I would be interested in the results of further investigation by un3kk. If it really is possible for django-debug-toolbar to trigger this problem, that would be a serious issue.

On the whole, I am tempted to make the change suggested by gldnspud. I agree that the "case-insensitive filesystem accessed by Python from case-sensitive OS" case is not exactly common, but it would be an easy issue to avoid entirely with a relatively simple change. Relying on case-sensitivity for correct operation seems like something it doesn't hurt to avoid. I'm not too concerned about the backwards incompatibility, given that django.utils.htmlparser was added to trunk less than a month ago, has never been in a production release, and is undocumented and used only by a test helper.

Tentatively accepting, but open to arguments that it would be a bad idea to make this change.

comment:10 by Carl Meyer, 12 years ago

Triage Stage: UnreviewedAccepted

comment:11 by Aymeric Augustin, 12 years ago

I wasn't aware that this module is a recent addition. I withdraw my previous comment.

comment:12 by Chris Beaven, 12 years ago

Severity: NormalRelease blocker

comment:13 by Aymeric Augustin, 12 years ago

The public API of the HTMLParser module is the HTMLParser class and the HTMLParseError exception.

If we want django.utils.htmlparser to mimic this interface, we could expose HTMLParseError there, and import it from that module.

I'm attaching a patch for this technique.

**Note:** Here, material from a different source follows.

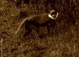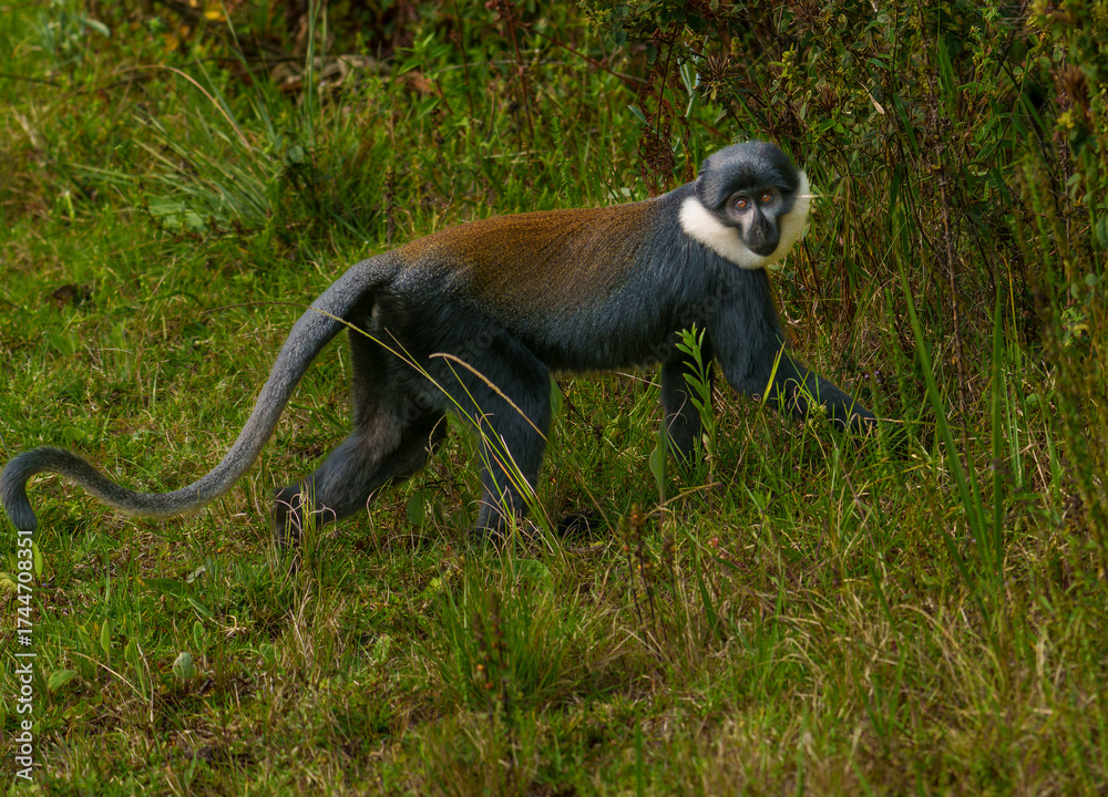 Colobus monkey beside highway in Nyungwe National Park mountains in Rwanda.

by Aymeric Augustin, 12 years ago

Attachment: 17730-alternative.patch added

comment:14 by Carl Meyer, 12 years ago

Resolution: fixed
Status: reopenedclosed

In [17607]:

Fixed #17730 - Renamed django.utils.htmlparser to django.utils.html_parser to avoid shadowing stdlib HTMLParser in rare case-sensitivity situations. Thanks un33k for the report and gldnspud for the patch.